>>>
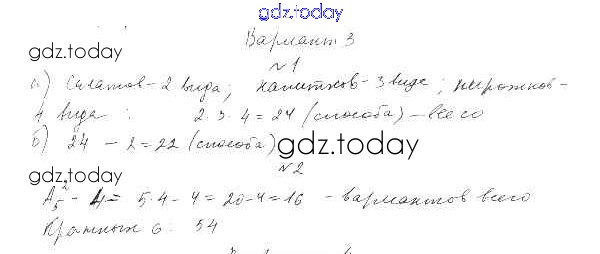 На страницах сайта gdz.today вы найдете учебный и вспомогательный материал, направленный на улучшения знаний школьной программы. ГДЗ - онлайн мир знаний СР-27. Комбинаторные задачи Решение к теме 5. Элементы комбинаторики, статистики и теории вероятностей вариант 3 Самостоятельным работам по Алгебре для 9 класса Александрова Базовый уровень Мнемозина УМК 2016
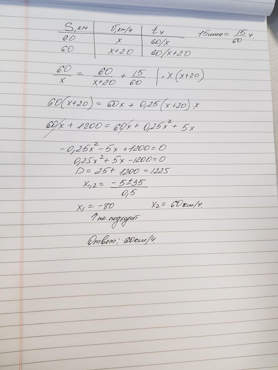 Автоьусс экспресс отправился от городского вокзала в аэропорт, который находится от него на расстоянии 60 км. Через 15 минут после отправления автобуса опоздавший на него пассажир поехал в аэропорт на такси. Скорость такси на 20 км/ч больше скорости автобуса.
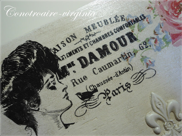 Las tapas .......bueno, con estas estuve experimentado un poco, quería hacer una especie de imitación a oxido o algo así, empece pintando toda la tapa de negro. Luego a golpecitos con un pincel duro, fui dando toques de negro, naranja y rojo, diluyendolo con agua. Como acabado, cera transparente con polvo de oro viejo.
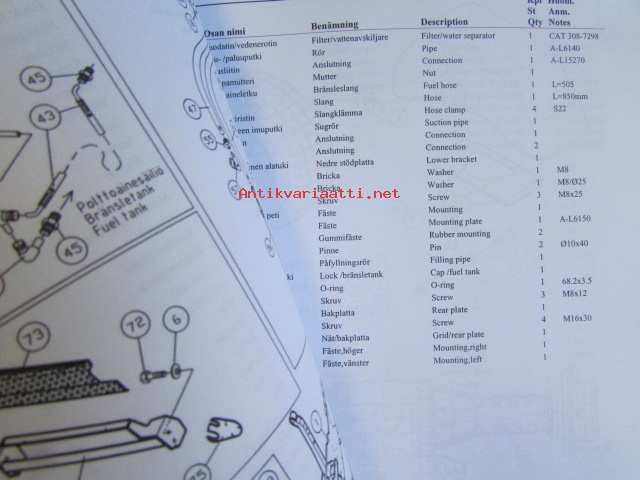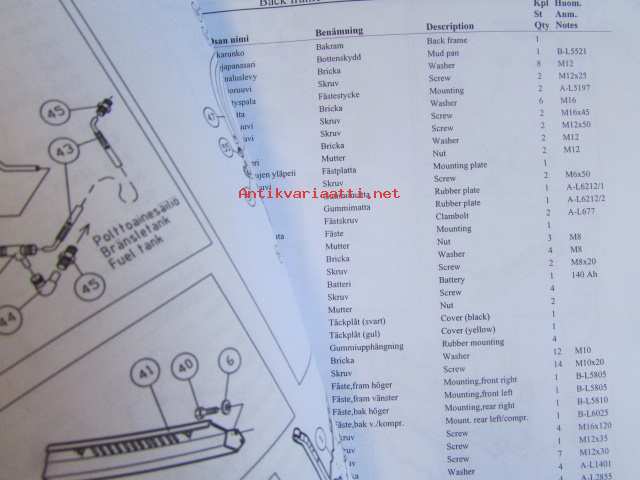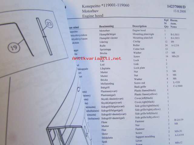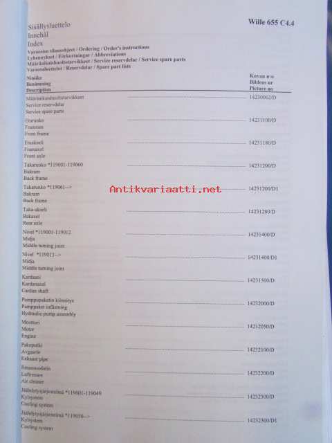 Wille 655c varaosaluettelo, reservdelskatalog, spare parts list, valmistenumerosta 119001 eteenpäin, tillverkningsnummer, production number
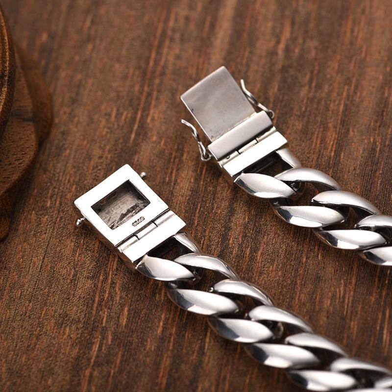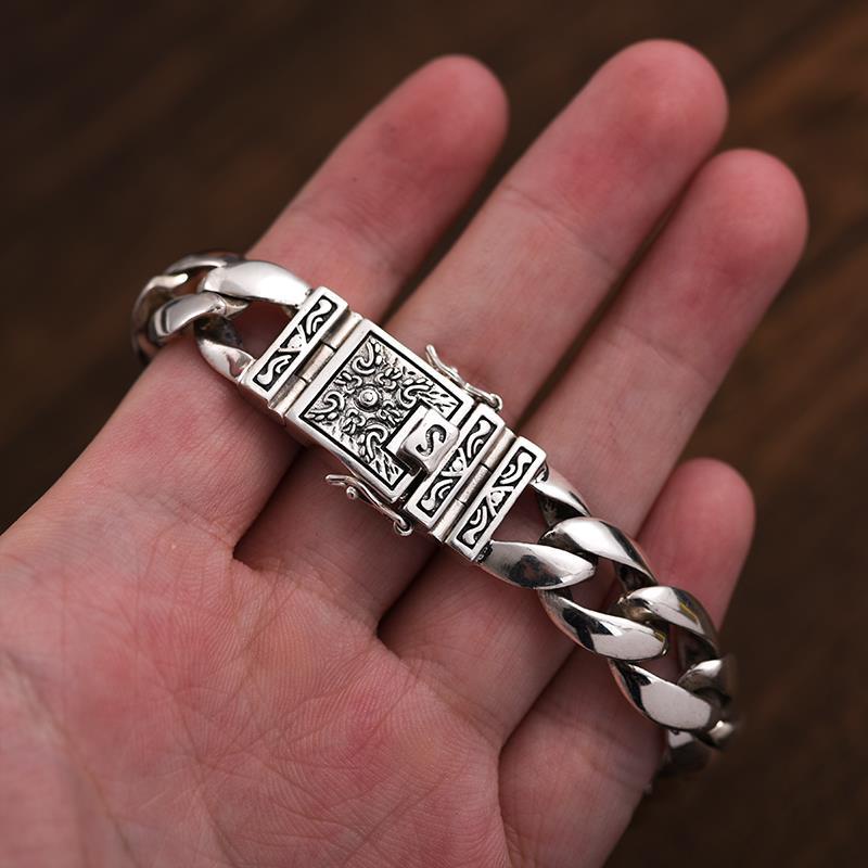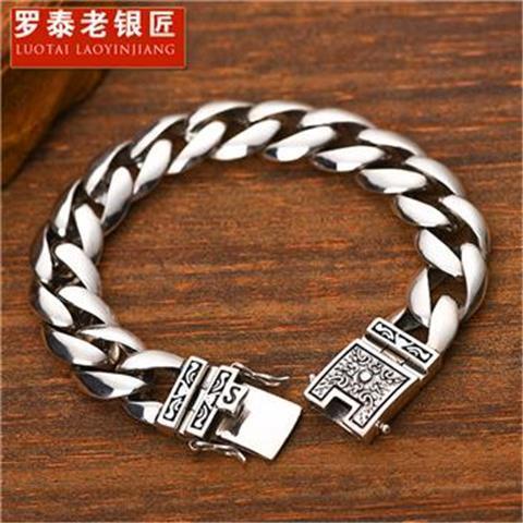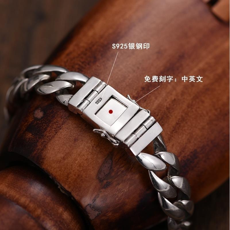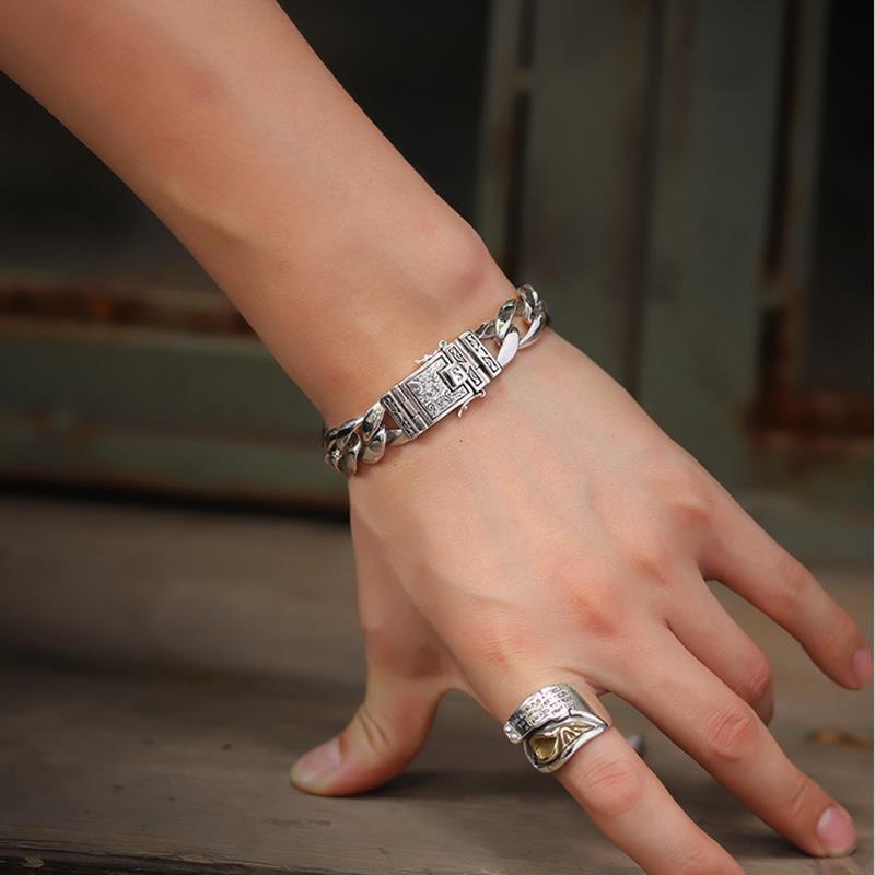 Luotai Old Silversmith Men 925 Silver Lettering Bracelet Men Simple Korean Version Trendy Punk Light Body Silver Chain Trend
<<<
### TASK GOAL
Word for word, return the material above, but drop the pictures.

### SOLUTION FOR THIS EXERCISE
 На страницах сайта gdz.today вы найдете учебный и вспомогательный материал, направленный на улучшения знаний школьной программы. ГДЗ - онлайн мир знаний СР-27. Комбинаторные задачи Решение к теме 5. Элементы комбинаторики, статистики и теории вероятностей вариант 3 Самостоятельным работам по Алгебре для 9 класса Александрова Базовый уровень Мнемозина УМК 2016
 Автоьусс экспресс отправился от городского вокзала в аэропорт, который находится от него на расстоянии 60 км. Через 15 минут после отправления автобуса опоздавший на него пассажир поехал в аэропорт на такси. Скорость такси на 20 км/ч больше скорости автобуса.
 Las tapas .......bueno, con estas estuve experimentado un poco, quería hacer una especie de imitación a oxido o algo así, empece pintando toda la tapa de negro. Luego a golpecitos con un pincel duro, fui dando toques de negro, naranja y rojo, diluyendolo con agua. Como acabado, cera transparente con polvo de oro viejo.
 Wille 655c varaosaluettelo, reservdelskatalog, spare parts list, valmistenumerosta 119001 eteenpäin, tillverkningsnummer, production number
 Luotai Old Silversmith Men 925 Silver Lettering Bracelet Men Simple Korean Version Trendy Punk Light Body Silver Chain Trend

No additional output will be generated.